Ghent

“Casino 2001”

“Casino 2001: First Quadrennial of Contemporary Art” (the SMAK being housed in a former casino) was the kind of show where you think you know what to expect beforehand: the usual array of young artists, mainly from Western Europe and the United States and mainly from a certain network of galleries, curators, and art schools. However, it was such a poor example of this genre that it became an unintended assault on the whole system.

Curated by New York gallerist Jeanne Greenberg Rohatyn, “Casino 2001” included works by sixty artists, and the imbalance between chaff and wheat was extreme. Most of the better contributions were in the SMAK itself; the other main locations—the medieval Bijlokemuseum and a disused underground bunker in the park—were almost complete disasters. In the Bijlokemuseum, Keith Edmier's somewhat disconcerting collaboration with his idol Farrah Fawcett was a rare exception to the general torpor: Their works included a sculpture of Rodin-like hands and a photograph of Fawcett's head resting on Edmier's naked shoulder (The Space Between You and Me, 2000–2001). Edmier has taken fandom to its uncanny limits, raising questions about our secular star religion. To see the works in the other “exotic” location one had to be accompanied by a guard through the bunker's gloomy concrete corridors. Darren Almond's elegiac black-and-white video of a ride through an amusement park's haunted house (Geisterbahn, 1999) was the only work that profited from this dominating environment while not being completely dependent on it for effect.

In the SMAK there were some examples of painting “expanded” beyond the easel picture. Katharina Grosse covered the walls with cloudy color fields, while Olaf Nicolai's wall decoration with stripes of Pantone colors entertained a more conceptual dialogue with mural painting. Michel Majerus showed an installation of paintings, some of which were traditional canvases and some of which were computer prints. The different panels were structured to form three aisles, each with a band in a different color on the sides. For Majerus, everything in our visual culture is material to be reprocessed into stylish patterns and compositions devoid of meaning but full of atmosphere and suggestion. It is a rather cynical art, but at least Majerus is superb at the game he's playing. Looking at this work, it is hard to believe that painting has often been declared obsolete—if anything, Majerus's art is rather too emphatically of its time, too cool for its own good. There is an immense contrast with the sobriety of Jeroen de Rijke/Willem de Rooij's color film Bantar Gebang, 2001. Bantar Gebang shows a slum on a large garbage dump near Jakarta; the film consists of one continuous shot during which dawn rums to day, with a static camera reminiscent of primitive cinema and of video surveillance. Gradually the image becomes less atmospheric and the squalor becomes more visible. Such a focused and uncompromising work seemed to utterly condemn the superficiality of almost everything else in the show.

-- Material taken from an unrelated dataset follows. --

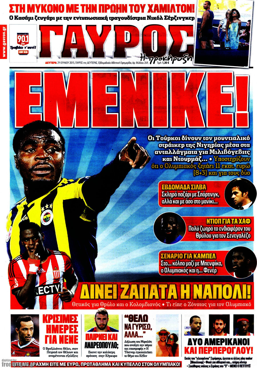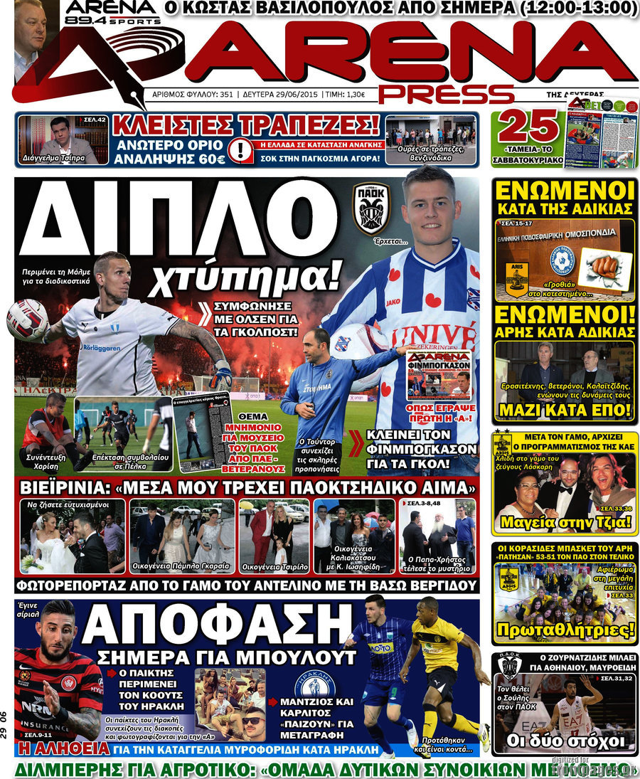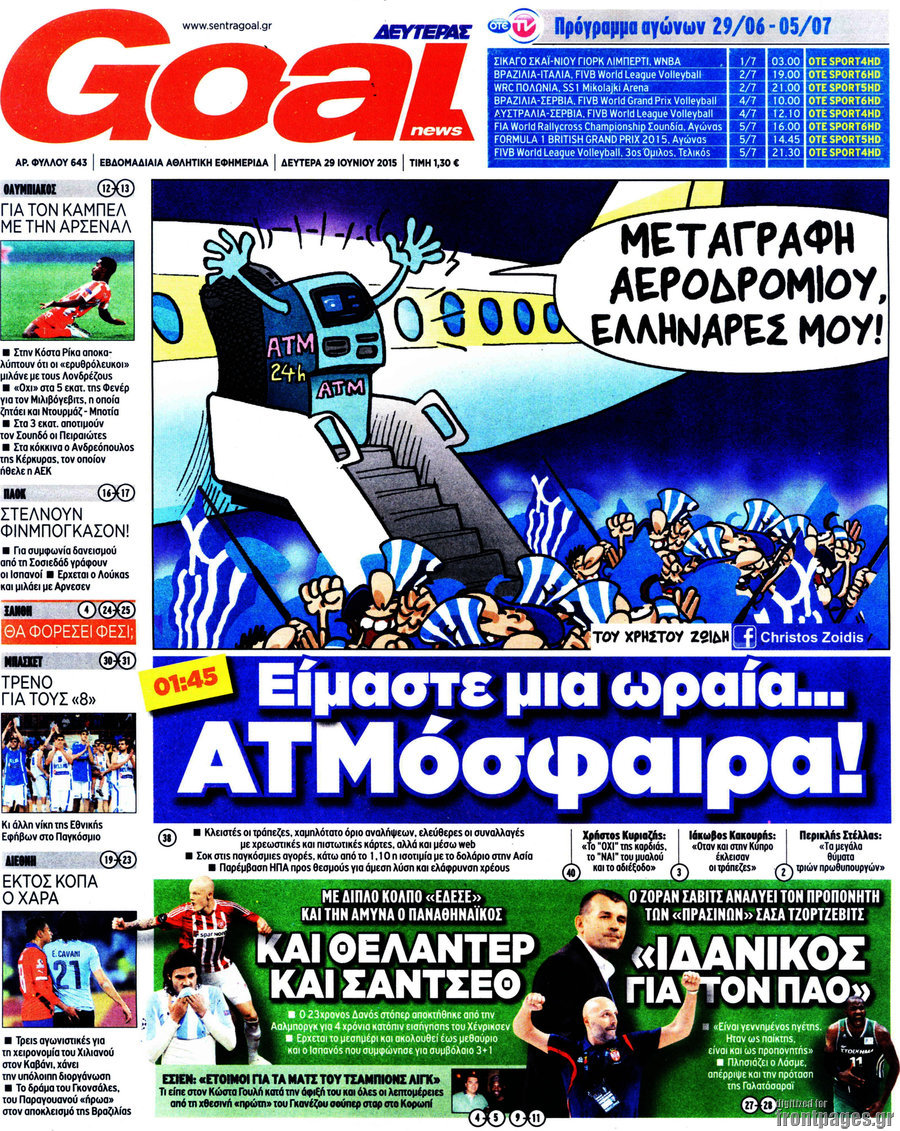 Οι αθλητικές εφημερίδες 29/6/2015 Enikos Newsroom 08:35, Δευτέρα 29 Ιουνίου 2015 Media Διαβάστε τα σημερινά πρωτοσέλιδα των αθλητικών εφημερίδων: ΑΘΛΗΤΙΚΕΣ ΕΦΗΜΕΡΙΔΕΣ ΠΡΩΤΟΣΕΛΙΔΑ Μοιράσου το: σχολίασε κι εσύ (0 σχόλια) Ακολουθήστε το enikos.gr στο Google News και μάθετε πρώτοι όλες τις ειδήσεις Δείτε όλες τις τελευταίες ειδήσεις από την Ελλάδα και τον Κόσμο στο enikos.gr Ειδήσεις Ροή Ειδήσεων 4 ώρες πριν Χριστούγεννα στα μπλόκα: Επιμένουν στις κινητοποιήσεις τους οι αγρότες – Ανοίγουν τα διόδια το Σαββατοκύριακο 5 ώρες πριν Ουκρανία: Η άνευ προηγουμένου επίθεση σε ρωσικό τάνκερ στη Μεσόγειο και το μήνυμα προς στον Πούτιν – Το «μακρύ χέρι» του Κιέβου 4 ώρες πριν Πούτιν: Τα μηνύματα σε Ευρώπη και ΝΑΤΟ από το μαραθώνιο «σόου» του – Η απαίτηση για «σεβασμό» και η ειρήνη «με τους όρους» της Μόσχας 5 ώρες πριν Τραμπ: Δεν αποκλείει την πιθανότητα ενός πολέμου στη Βενεζουέλα – «Ο Μαδούρο ξέρει καλύτερα από τον καθένα τι ακριβώς θέλω» 5 ώρες πριν Συνεχίζει να προκαλεί ο Μίτσκοσκι: «Για μένα το όνομα Μακεδονία είναι ιερό» 4 ώρες πριν Ανακαλύφθηκαν αρχαία χρυσά νομίσματα 2.200 ετών που απεικονίζουν τον θεό Απόλλωνα – Η άγνωστη σύνδεση με τον Φίλιππο Β΄ της Μακεδονίας 5 ώρες πριν Ύπνος: Μια κρυφή κατάσταση του εγκεφάλου πριν από τον ύπνο μπορεί να είναι το “κλειδί” για υψηλή ευφυΐα και δημιουργικότητα 6 ώρες πριν Αριθμολογία: Οι άνθρωποι που έχουν γεννηθεί αυτές τις 4 ημερομηνίες, συχνά παρεξηγούνται – «Η καλοσύνη τους κρύβει τεράστια δύναμη» 7 ώρες πριν Ξεχάστε το καθάρισμα το Σαββατοκύριακο: Ο «κανόνας των 20 λεπτών» που θα σας λύσει τα χέρια 13 λεπτά πριν Θεσσαλονίκη: Εξαφανίστηκε 13χρονος από χώρο φιλοξενίας ασυνόδευτων ανηλίκων στο Ωραιόκαστρο 24 λεπτά πριν Ντόναλντ Τραμπ: «Πολύ βαριά αντίποινα» στη Συρία – «Πλήττουμε πολύ δυνατά οχυρά του Ισλαμικού Κράτους» 38 λεπτά πριν Εξάρχεια: Ένταση με μολότοφ, χημικά και κρότου λάμψης 54 λεπτά πριν ΗΠΑ: Τραγωδία στην Αλαμπάμα – Σκότωσε την δημοσιογράφο σύζυγό του και αυτοκτόνησε μπροστά στον 3χρονο γιο τους 1 ώρα πριν Πρόταση γάμου στο ΣΕΦ κατά την διάρκεια του αγώνα Ολυμπιακός-Βιλερμπάν – Δείτε βίντεο ENIKOS NETWORK Το ΕΚΑΒ τιμήθηκε από την Ακαδημία Αθηνών για τα 40 χρόνια προσφοράς του Έχετε πραγματικά μεγάλη καρδιά; 10 χαρακτηριστικά όσων έχουν καλοσύνη Αναστολή μέτρων αναγκαστικής εκτέλεσης για κτηνοτρόφους που πλήττονται από την ευλογιά των αιγοπροβάτων Πλήρης επάρκεια προϊόντων στις λαϊκές της Αττικής, παρά τις αγροτικές κινητοποιήσεις – Τι απαντούν οι πωλητές Χαρτογραφώντας το «σημείο χωρίς επιστροφή»: Για πρώτη φορά αποκαλύπτεται με λεπτομέρεια το ακανθώδες όριο της ατμόσφαιρας τ... Η Google καταργεί τη λειτουργία «dark web report» – Πώς θα μπορούν οι χρήστες να διαγράφουν τα δεδομένα τους περισσότερα 22:42 , Παρασκευή 19 Δεκεμβρίου 2025 Γιώργος Γιαννόπουλος για “Το σόι σου”: “Είναι ευτυχία και ευλογία αυτή η σειρά” «Είναι ευτυχία και ευλογία η συγκυρία αυτής της σειράς», θα πει ο Γιώργος Γιαννόπουλος -ο αγαπ... 20:37 , Παρασκευή 19 Δεκεμβρίου 2025 Don’t Forget The Lyrics: Η Έλλη Κοκκίνου υποδέχεται 4 παίκτες που θα κάνουν τα πάντα για να μη χάσουν ούτε… μισή λέξη από τους στίχους Το «Don’t Forget The Lyrics» επιστρέφει απόψε, Παρασκευή 19 Δεκεμβρίου, στις 21:00 με νέο επει... 19:31 , Παρασκευή 19 Δεκεμβρίου 2025 GNTM: Απόψε ο μεγάλος τελικός για τους 4 φιναλίστ Έπειτα από μήνες γεμάτους μόδα, δημιουργία και έντονες αναμετρήσεις, το GNTM 2025 κορυφώνεται,... 18:11 , Παρασκευή 19 Δεκεμβρίου 2025 Το

In the catalogue Rohatyn tries to give her assembly of artists some theoretical foundation, citing Guy Debord's The Society of the Spectacle and claiming that “Casino 2001” tries to “strip the Spectacle of awe”—a transparent attempt to give this insipid collection of commodities some sort of theoretical street cred. One imagines Debord turning in his grave even more frantically than usual, as his work is reduced to a quasi-theoretical excuse for a group show whose artists eagerly participate in the spectacular economy he opposed. By its sheer bluntness and inadequacy, “Casino 2001” showed the whole system of biennials, triennials, and so on stripped bare, and it's not a pretty sight. Perhaps it's time for art criticism to leave this type of show to the attention of sociologists—or to conspiracy theorists.